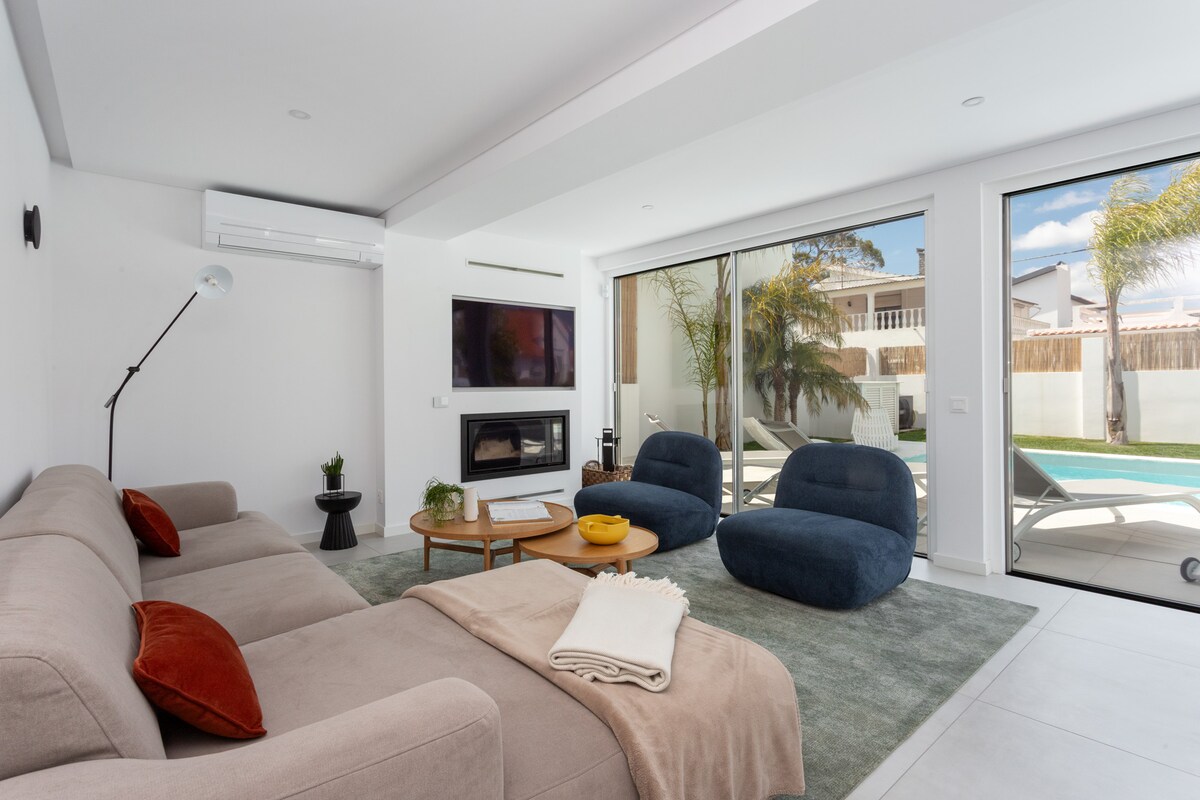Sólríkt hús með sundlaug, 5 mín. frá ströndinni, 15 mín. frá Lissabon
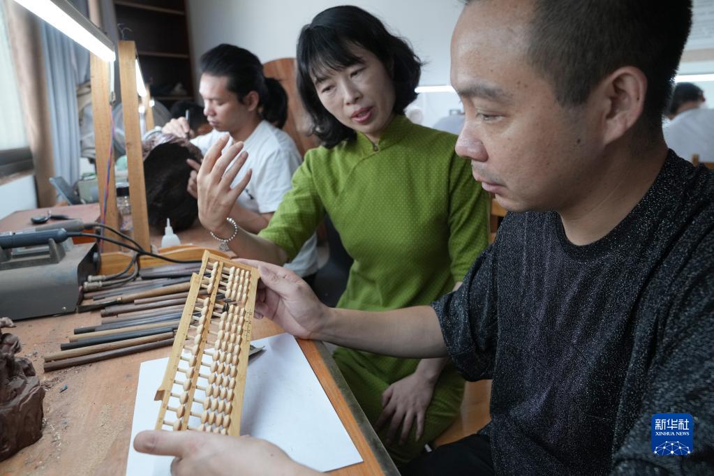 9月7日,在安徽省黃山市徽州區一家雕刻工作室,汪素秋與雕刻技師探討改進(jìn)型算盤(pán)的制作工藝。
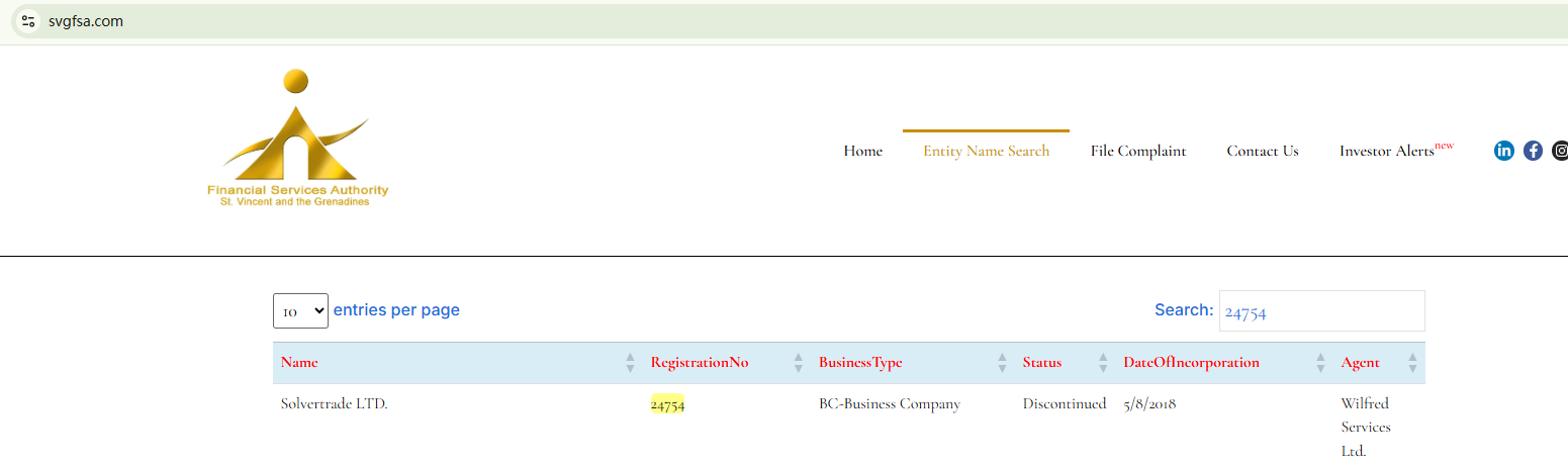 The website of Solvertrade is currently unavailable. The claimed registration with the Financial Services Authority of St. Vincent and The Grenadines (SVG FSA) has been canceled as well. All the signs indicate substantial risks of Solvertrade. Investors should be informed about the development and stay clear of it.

--

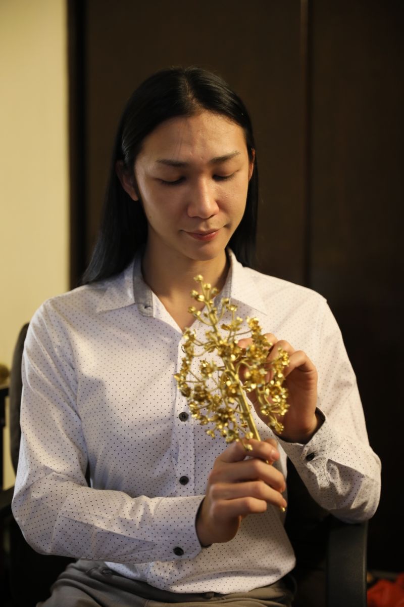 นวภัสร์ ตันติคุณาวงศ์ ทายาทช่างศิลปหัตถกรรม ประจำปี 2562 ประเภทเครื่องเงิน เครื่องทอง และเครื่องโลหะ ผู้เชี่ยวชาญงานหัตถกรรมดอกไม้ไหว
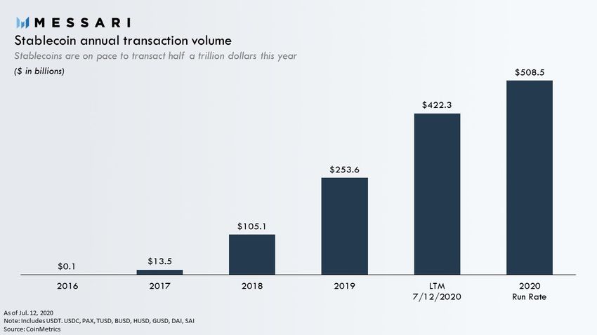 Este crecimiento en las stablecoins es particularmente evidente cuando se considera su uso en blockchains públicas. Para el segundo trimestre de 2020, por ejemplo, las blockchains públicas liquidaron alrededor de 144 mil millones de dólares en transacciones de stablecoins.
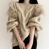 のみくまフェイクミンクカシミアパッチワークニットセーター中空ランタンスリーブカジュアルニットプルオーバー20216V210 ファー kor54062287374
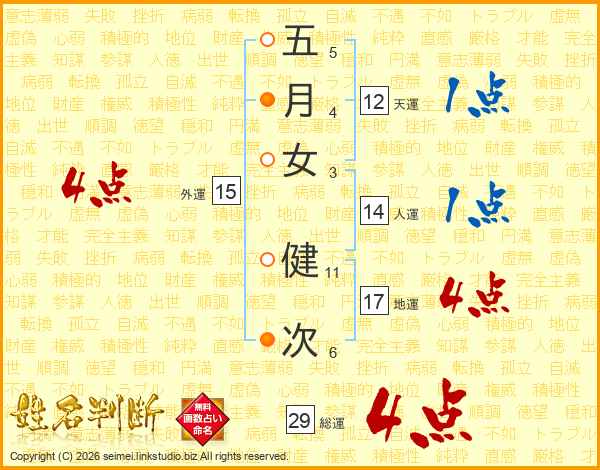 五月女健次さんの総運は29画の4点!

...

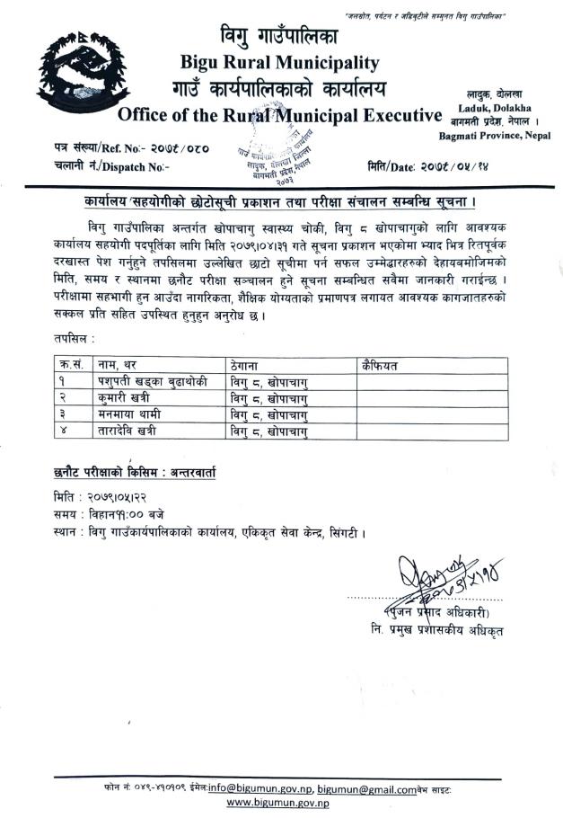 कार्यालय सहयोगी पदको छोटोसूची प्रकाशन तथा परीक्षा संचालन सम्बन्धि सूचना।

▸ Exercise objective:
The material above holds pictures; leave them out and set down exactly the lines from the line with "Sólríkt hús með" to the line with "The website of", both included.

▸ Reply to the task:
Sólríkt hús með sundlaug, 5 mín. frá ströndinni, 15 mín. frá Lissabon
 9月7日,在安徽省黃山市徽州區一家雕刻工作室,汪素秋與雕刻技師探討改進(jìn)型算盤(pán)的制作工藝。
 The website of Solvertrade is currently unavailable. The claimed registration with the Financial Services Authority of St. Vincent and The Grenadines (SVG FSA) has been canceled as well. All the signs indicate substantial risks of Solvertrade. Investors should be informed about the development and stay clear of it.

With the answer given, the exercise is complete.